■ Exercise description ■
Retype, exactly as they appear below, the lines between the line holding "Les équipes de" and the line holding "Bvlgari Bvlgari watch", both ends included.

■ Provided records ■
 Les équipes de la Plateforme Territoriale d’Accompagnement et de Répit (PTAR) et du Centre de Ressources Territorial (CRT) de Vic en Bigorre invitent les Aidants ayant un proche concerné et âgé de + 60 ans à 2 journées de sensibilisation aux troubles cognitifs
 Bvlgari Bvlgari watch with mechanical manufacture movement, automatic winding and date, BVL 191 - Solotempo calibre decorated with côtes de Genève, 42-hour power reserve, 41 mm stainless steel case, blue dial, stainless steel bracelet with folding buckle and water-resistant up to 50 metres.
* * *
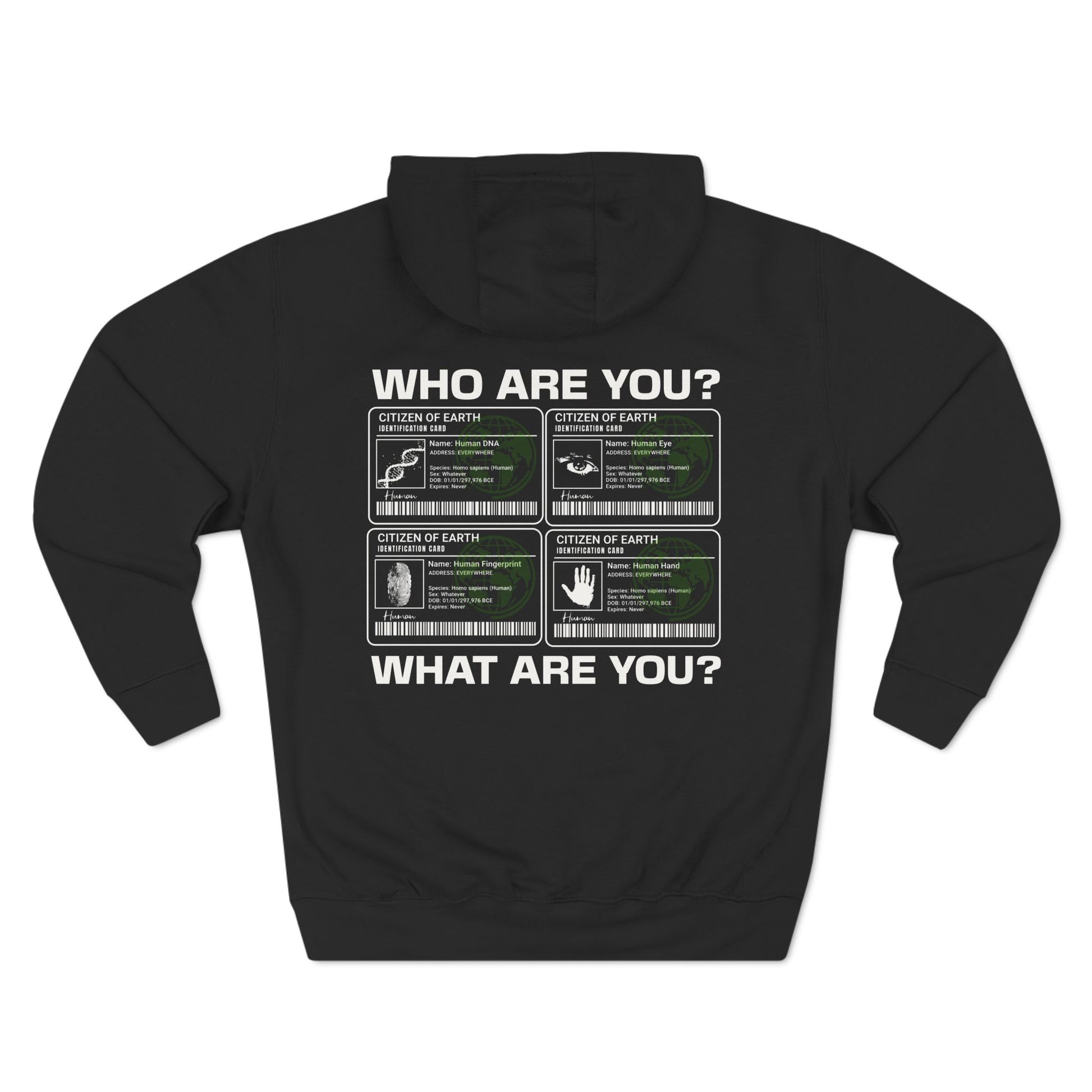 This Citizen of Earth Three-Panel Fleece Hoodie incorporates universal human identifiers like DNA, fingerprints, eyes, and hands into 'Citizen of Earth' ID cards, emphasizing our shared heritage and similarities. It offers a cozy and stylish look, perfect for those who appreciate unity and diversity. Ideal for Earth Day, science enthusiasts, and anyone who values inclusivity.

■ Reply ■
 Les équipes de la Plateforme Territoriale d’Accompagnement et de Répit (PTAR) et du Centre de Ressources Territorial (CRT) de Vic en Bigorre invitent les Aidants ayant un proche concerné et âgé de + 60 ans à 2 journées de sensibilisation aux troubles cognitifs
 Bvlgari Bvlgari watch with mechanical manufacture movement, automatic winding and date, BVL 191 - Solotempo calibre decorated with côtes de Genève, 42-hour power reserve, 41 mm stainless steel case, blue dial, stainless steel bracelet with folding buckle and water-resistant up to 50 metres.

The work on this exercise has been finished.